After the end of the course, I followed Graeber’s work closely. This past April, a Japanese translation of an essay of his appeared, “There never was a West.” I had been planning to write about this when I heard of his untimely death at 59 this past September. Now that he is gone, it seems all the more important to consider how his ideas will resonate outside of their cultural context, outside of the west that never existed.
Democracy is often assumed to be a western idea. This belief is held in Asia, too, where the story of democracy as the movement that began in ancient Athens has had remarkable influence. Critics of democracy like to talk about how “Asian values” are incompatible with democracy, and, historically, some advocates for democracy have seen it as a part of western-style modernization.
But stopping for a moment to think about the multitude of cultures in Asia, the range of political regimes from authoritarian to democratic, and the power of resistance movements against the authoritarian regimes, makes these cultural arguments seem ridiculous. Is the authoritarian regime in Thailand the political expression of Thai culture, or the mass protest movement against it? Can culture explain the difference between North and South Korea?
Graeber, however, took the challenge further. It’s not just that culture can’t explain tendencies toward democracy. It’s that democracy has no origins in any particular culture at all. Contrary to what many people believe about the origins of democracy, Graeber believed that democracy meant nothing other than the practice of communal self-governance.
By this definition, democracy has no origin story — at least since humans began associating with one another. What he called “democratic practice,” or decision making in an egalitarian manner, occurs everywhere. The problem, Graeber writes, is that we have a system that’s a product of elite compromise to prevent “mob rule” as democracy, at the expense of the real thing.
Implied in the common understanding of democracy is the existence of the state with an elected government. Graeber argues that the state is more properly understood as a form of organizing violence than as a vehicle for democracy. Those looking for democracy are better off looking in places outside the purview of the state, on pirate ships, or frontier communities.

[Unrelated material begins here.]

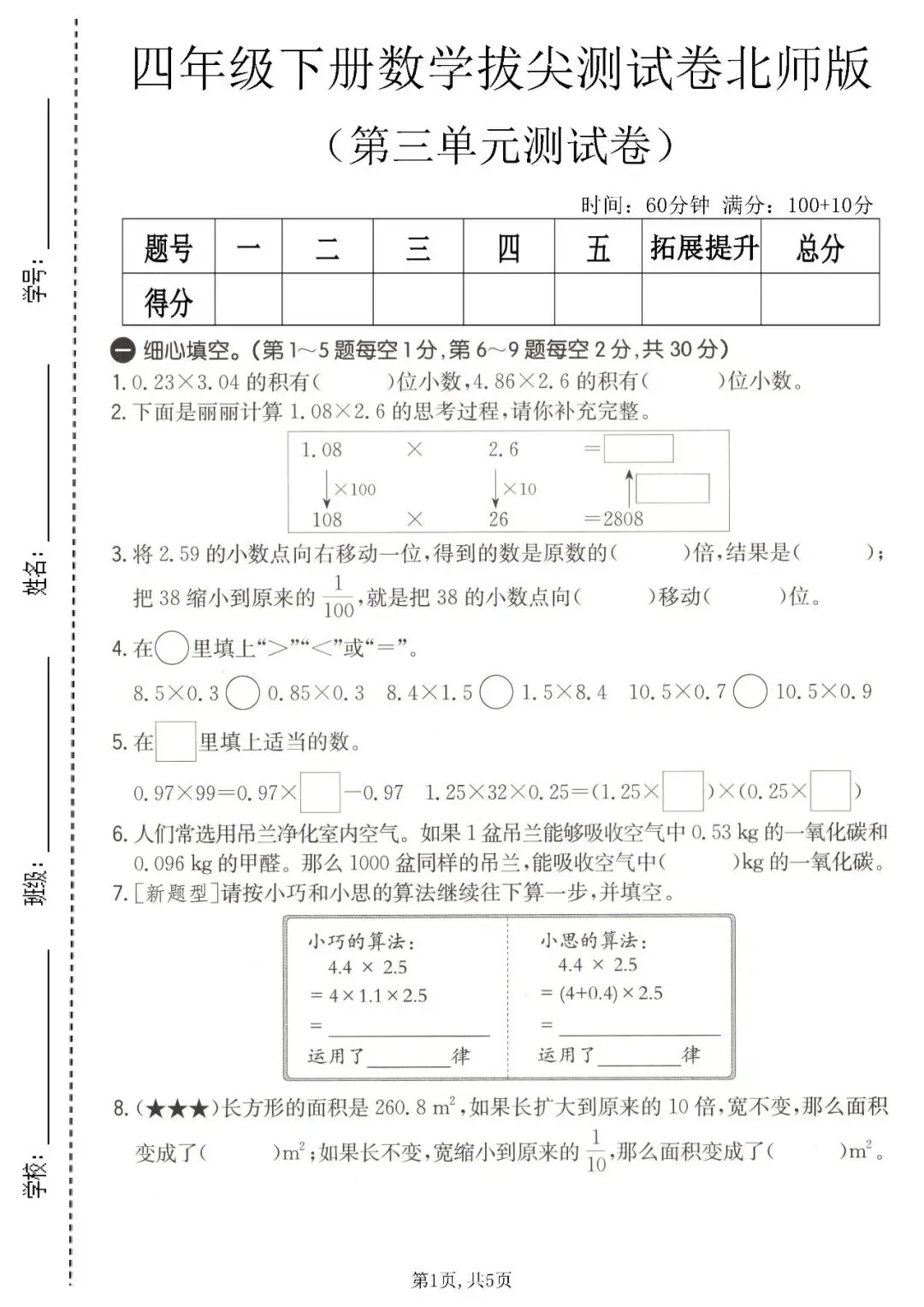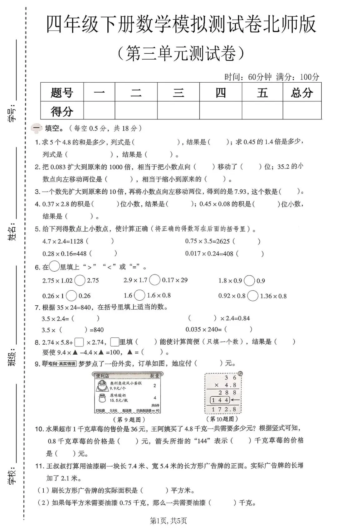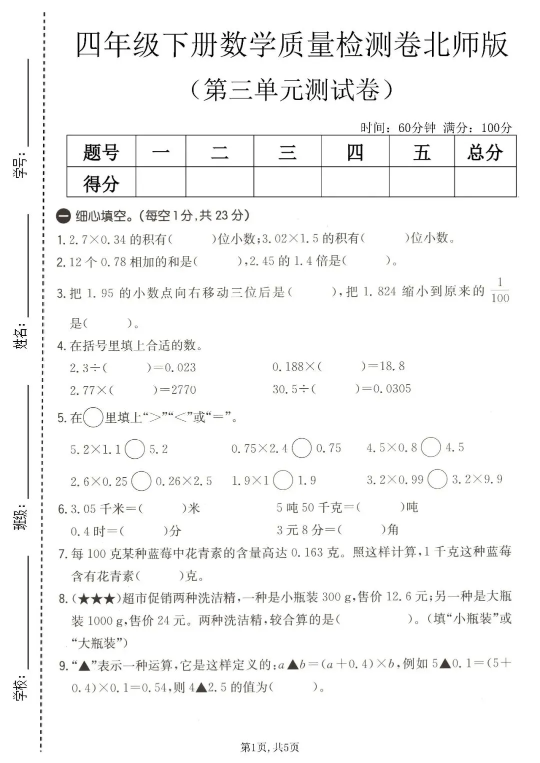 今天分享的是:四年级下册数学北师版第三单元质量检测卷。这套资料包含了计算题、填空题、应用题等基础题型,整体难度不大,适合做查漏补缺使用,A4排版也非常方便家用打印机打印,是非常不错的单元综合测试卷!

The history of states being no friend to democracy is abundantly present in the history of Hong Kong and Taiwan. Both share a history of colonization and a long denial of formal democracy. And citizens in both continue to struggle today. Because of China, the aspirations of those in Taiwan for international recognition of sovereignty, and those in Hong Kong for civil and human rights are denied.
The movements in Hong Kong post-Umbrella Movement and in Taiwan during the Sunflower Movement expose the limitations of the state as a site of democracy. Who knows what form of state may emerge from the movements in the coming decades?
They may be the starting point for creating a realm beyond the existing political, legal, and economic order. The second half of the headline “There never was a West,” is “democracy emerges from the spaces in between.”